"I'm dressed as Jackie Kennedy in the pink suit. Not as a costume, but as a statement. When her husband was assassinated, she refused to change out of her blood-stained clothes, saying, 'I want them to see what they've done.' The image of the delicate pink suit splattered with blood is one of the most haunting juxtapositions in modern history."
"Beauty and horror. Poise and devastation. Her decision not to change clothes, even after being encouraged to, was an act of extraordinary bravery. It was performance, protest, and mourning all at once. A woman weaponizing image and grace to expose brutality. It's about trauma, power, and how femininity itself is a form of resistance. Long live Jackie O."
"Julia Fox glorifying political violence is disgusting, desperate and dangerous. I'm sure her late grandmother would agree."

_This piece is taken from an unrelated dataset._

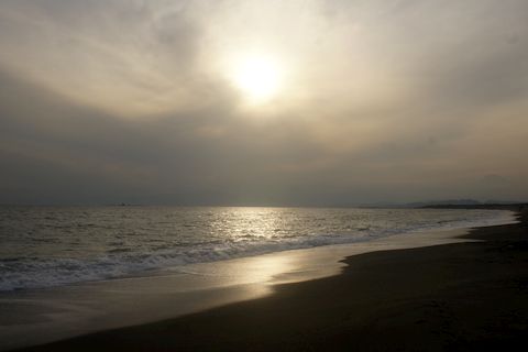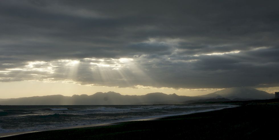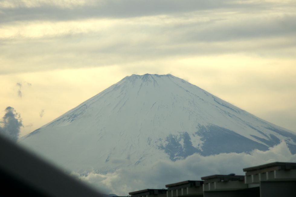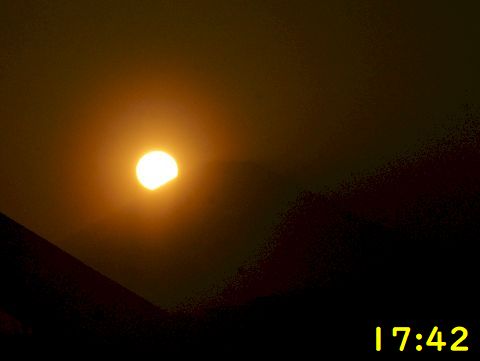 ダイヤモンド富士は明日?明後日?まだ南斜面に沈んでゆくが明日か明後日には山頂付近に沈むだろうが、問題は天気。 |

Julia Fox posted an Instagram photo of herself dressed as Jacqueline Kennedy in a bloodied pink suit the former first lady wore the day President John F. Kennedy was assassinated. Fox also wore the outfit to a Halloween party hosted by writer Julio Torres on Oct. 30. Kennedy's grandson Jack Schlossberg condemned the look on X, calling it "disgusting, desperate and dangerous." Fox defended the choice as a statement, citing Kennedy's refusal to remain in blood-stained clothes to show "what they've done" and describing the image as a juxtaposition of beauty and horror. Fox framed the act as performance, protest, mourning, and feminine resistance. The first lady's suit was not cleaned after the assassination and remains preserved.